Tuesday, August 24, 2010

New York's Literary Failing

We’re down to the last summer Fridays, and this past weekend, my boyfriend and I were eager to take advantage of the free afternoon. We thought about going to the Met’s Big Bambú exhibit, but thanks to its wacky hours—we would have had to have picked up tickets at noon—we missed out.

(For some reason the Met thought it would be a good idea to release tickets twice a day, in person, at the museum. Dear Met: you are not Shakespeare in the Park. If you have an ongoing exhibit, why not let people reserve their free tickets online for a fixed date in the future? Hm?)

Anyway, so there we were, looking for something to do. We were both in a museum-going mood, so I scoured a list of museums in New York, looking for an exhibit we’d missed or simply a museum we’d never been to. And I put together a few options: the American Folk Art Museum in Midtown; Woodlawn Cemetery in the Bronx (to see Herman Melville’s grave, of course); or the Queens Museum of Art in Corona Park, with a stop in Flushing for Vietnamese food. The last possibility won.

To anyone who hasn’t been, I would recommend a visit to the Queens Museum of Art. First reason, for literature lovers: when it was first constructed, Corona Park replaced the valley of ashes (remember T. J. Eckleburg?) in The Great Gatsby. Another reason, for those of you who grew up in the mid-nineties: you’ll recognize the unisphere near the museum from the final scenes of Men in Black. In addition: the museum is largely a tribute to the World’s Fairs of 1939 and 1964—the building was the New York City pavilion in ’39—and some of the information on the Fairs is amazing. Easily the best thing about the museum, however, is the Panorama.


All five boroughs of New York, scaled down to fit inside one large room, with models of every building in the city built before 1992 (including, eerily, the World Trade Center towers). I was able to find my current apartment building, my old one, my boyfriend’s parents’ building, and on, and on. It’s an incredible thing to see. You should go. Now.

But to go back earlier that day: looking at the list of museums in the city, I was struck by how few literary museums there are here. In fact, there’s only one one that comes to mind—the Edgar Allan Poe Cottage in the Bronx—and even then, it pales next to many of the literary museums in the country.

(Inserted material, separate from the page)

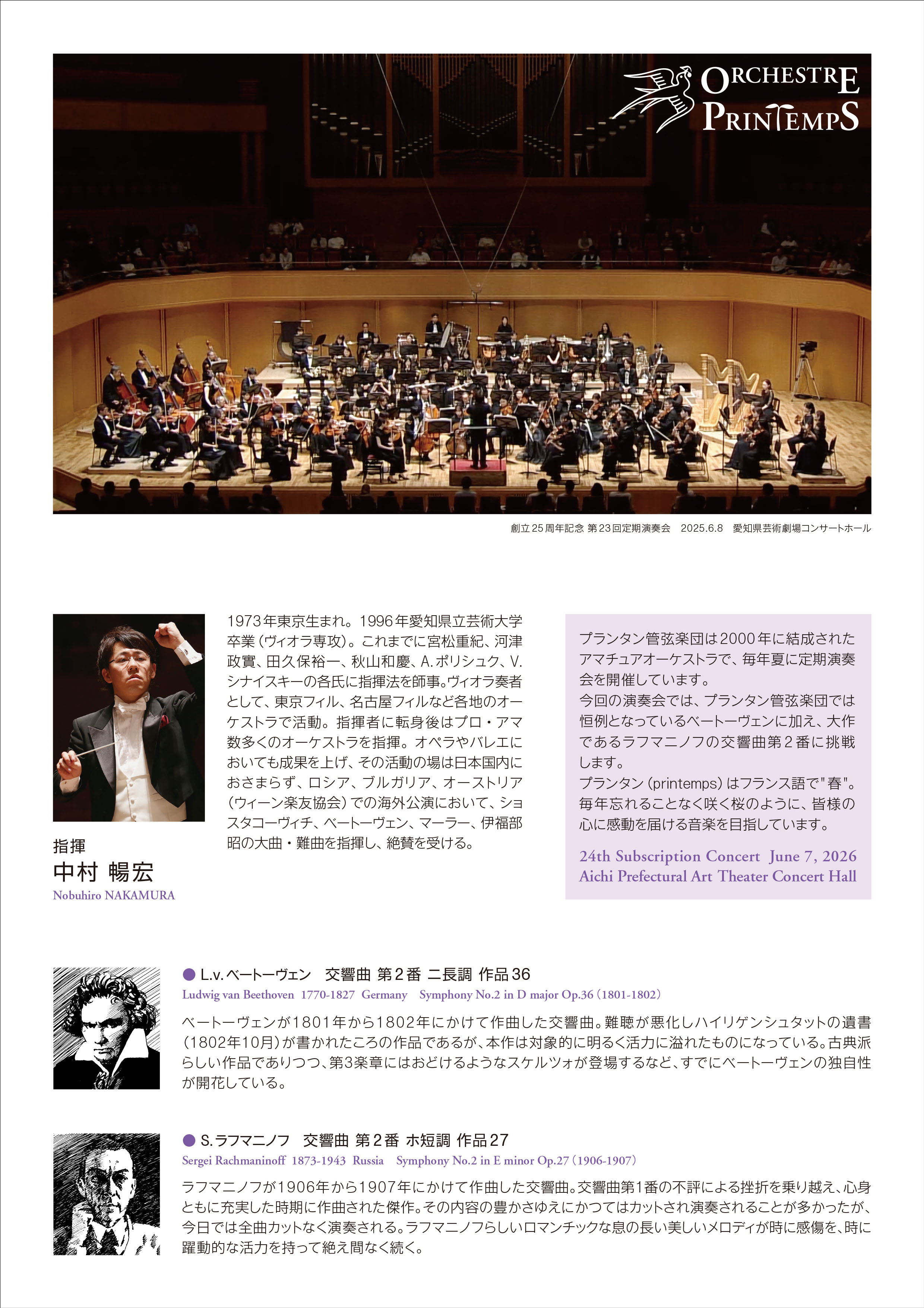 今回の演奏会では、プランタン管弦楽団では恒例となっているベートーヴェンに加え、大作であるラフマニノフの交響曲第2番に挑戦します。

Why is this the case? My boyfriend noted that there are gestures to memorializing the literary all around the city—the plaques, the bars where your favorite poets drank, and the the landscape of the city itself, preserved, as Corona Park’s ashy past was, in its literature. We considered the constant destruction and reinvention that New York passes through, sometimes depriving us of the buildings that might otherwise house these museums. (On this walking tour of Melville’s New York, for example, the best you can do in many cases is to see “how the boarding house in which Herman Melville was born probably looked” or to stare at the place where Melville’s house once stood, at 103 Fourth Avenue.) When apartments and buildings do survive, my boyfriend noted, they’re often occupied by new tenants.

It’s still surprising, though. Compare us to Moscow or St. Petersburg, where it seems that every building in which Pushkin ever took tea has been converted to a museum, and where statues of him dot many street corners. Or even just hold us next to Concord, Massachusetts. While certainly a hotbed of literary production, does it really make sense that Concord should outnumber us four to one in literary museums? (That’s not counting the reconstruction of Thoreau’s cabin at Walden Pond.) Or that Lenox and Pittsfield, in the Berkshires, should boast both Arrowhead (Melville’s house) and the Mount (Edith Wharton’s home), with the Homestead (Emily Dickinson’s house) just a short distance away?

New York has managed to restore some wonderful historical buildings (the Dyckman Farmhouse and the Morris-Jumel Mansion, for example), sustains incredible museums in many different areas, and is one of the most vibrantly literary cities in the world. So why have we failed so spectacularly to unite these three strengths? The Queens Museum of Art’s Panorama preserves the New York of 1992, but what will preserve—beyond their books themselves—the New York of Melville, Walt Whitman, Wharton, F. Scott Fitzgerald, or Ralph Ellison?